Глава 14. Беседа в Белой гостиной

Они вышли из церкви и по парадной лестнице поднялись к себе — переодеться к обеду.

В Белой гостиной, когда они пришли туда, направляясь в столовую, уже была герцогиня, успевшая облачиться в новое зелёное платье в испанском стиле с дорогими кружевами на отложном воротнике и широких манжетах, открывавших её белоснежные руки почти до локтя. Колье из изумрудов окружало лебединую шею. Герцогиня беседовала с уже проснувшимися Перси Грэхемом и Арчибальдом Хилтоном, была оживлена и беззаботна, меж тем как мисс Монмаут сидела у края стола, бледная и насупленная. Сэр Джеймс Гелприн вернулся к своей обычной невозмутимости, он сидел у камина и смотрел в пламя.

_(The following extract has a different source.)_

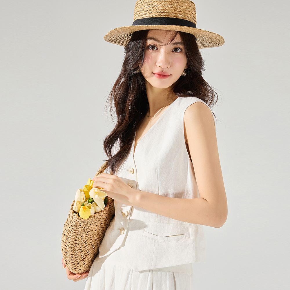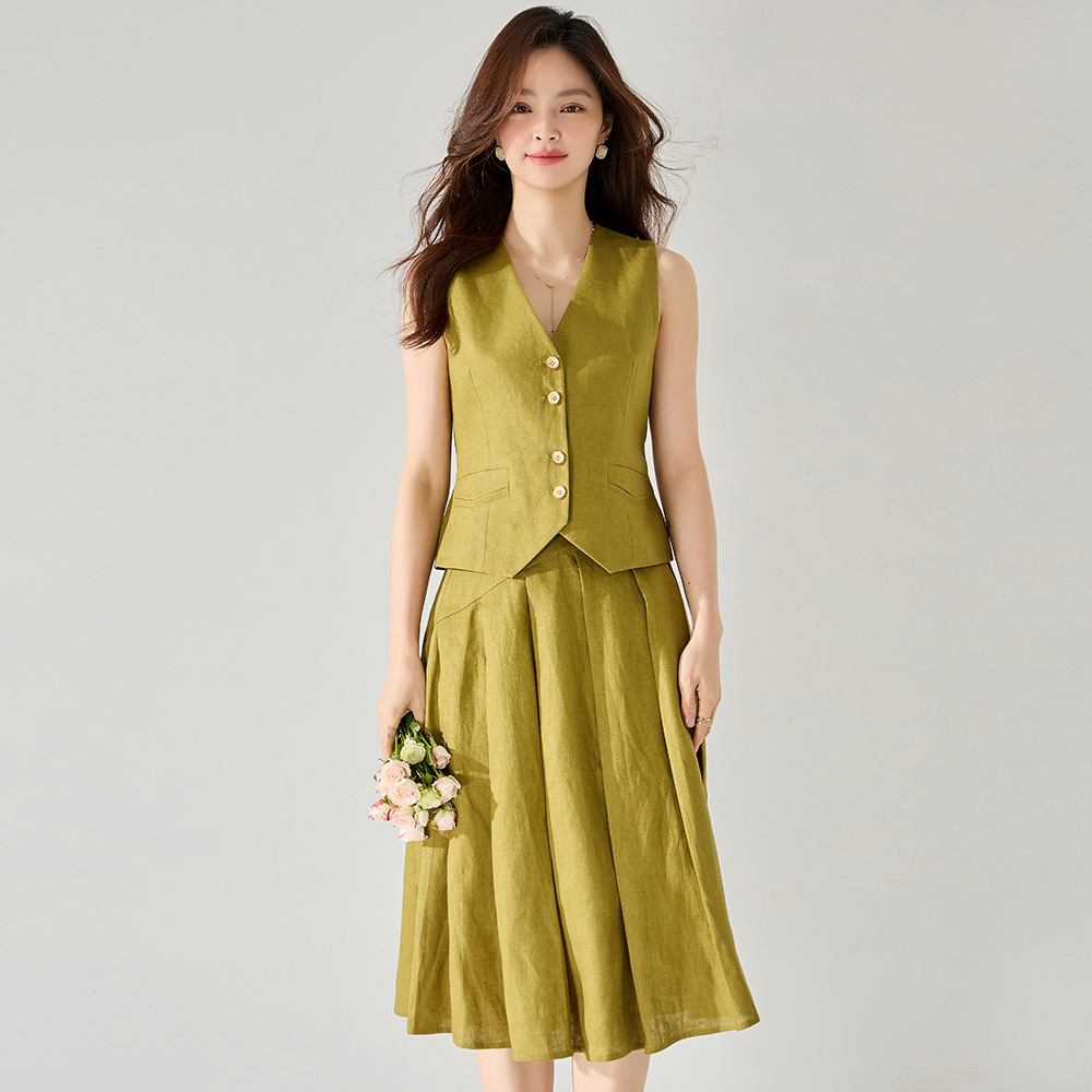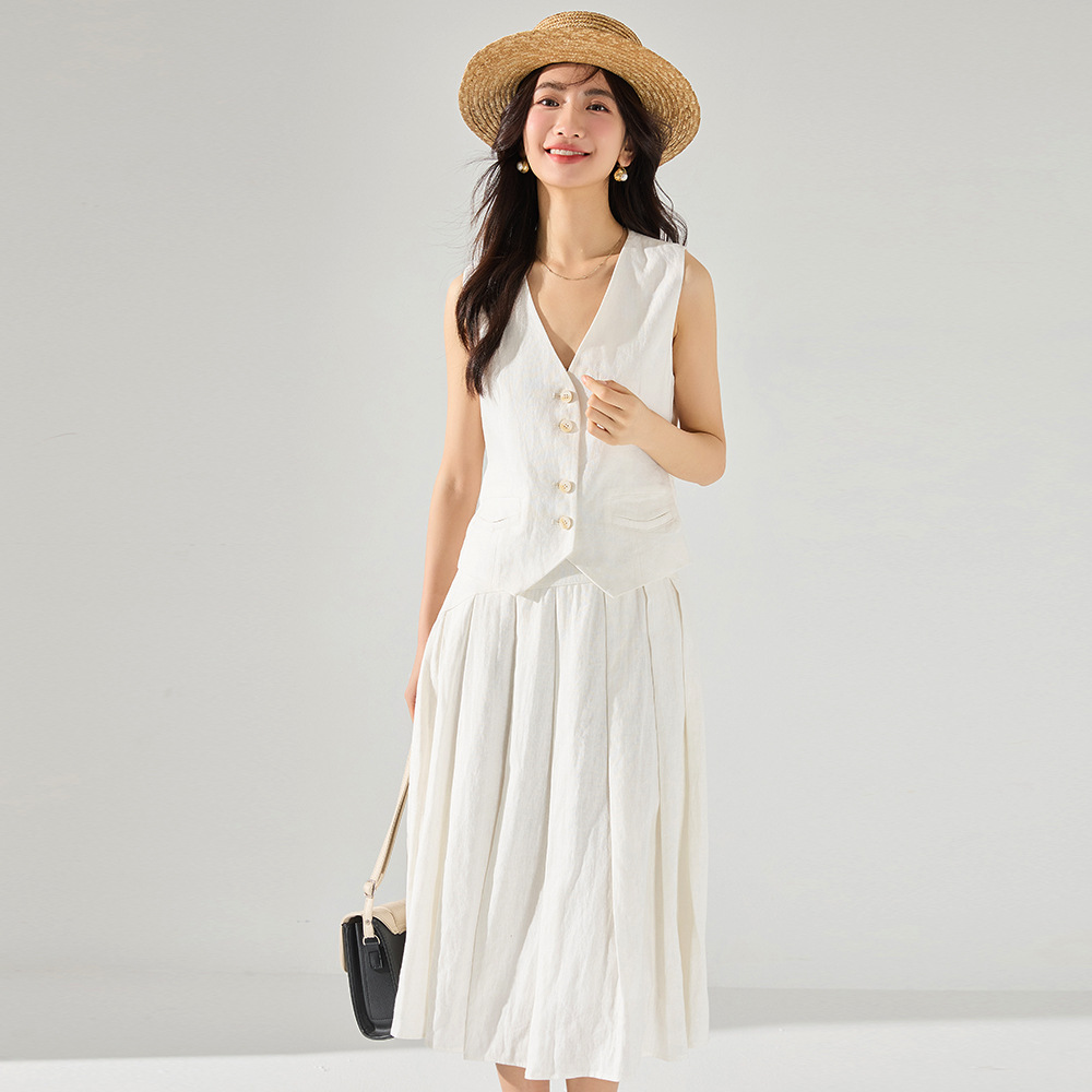 | nameOriginal | 24 spring new simple old money style French retro linen vest pleated skirt suit 22235 skirt 22236 |

Эдвард Марвилл тихо разговаривал у окна с Чарльзом Говардом, оба обсуждали происшествие в комнате мисс Сэмпл и недоумевали. Мисс Сьюзен не пришла на обед, её горничная и экономка Корбина переносили её вещи в новое помещение, — в старую спальню покойного графа Блэкмора, ныне пустовавшую.

Леди Хильда рассказала Перси и Арчибальду о непонятном животном, вторгшемся в спальню мисс Семпл, но, так как ни джентльменов, ни герцогиню мисс Сэмпл особо не интересовала, вскоре разговор перешёл к планам мужчин на будущую ночь. Экипировка их состояла из четырёх ружей и обширного, но не оглашаемого вслух запаса бренди, а также включала две походные кровати, три ночных потайных фонаря. Хилл и Ливси тоже должны были нести службу по охране склепа, но, как и в прошлую ночь, снаружи в беседке.

Новое направление разговору дал старый герцог, заметивший на стенах Белой гостиной, где он раньше никогда долго не задерживался, старинные портреты, явно семейные. Несколько минут он внимательно вглядывался в лица, потом спросил Корбина, а нет ли здесь портрета Джошуа Корбина? Его сиятельство кивнул и указал на портрет в дорогой тяжёлой раме, висевший в стенной нише у окна.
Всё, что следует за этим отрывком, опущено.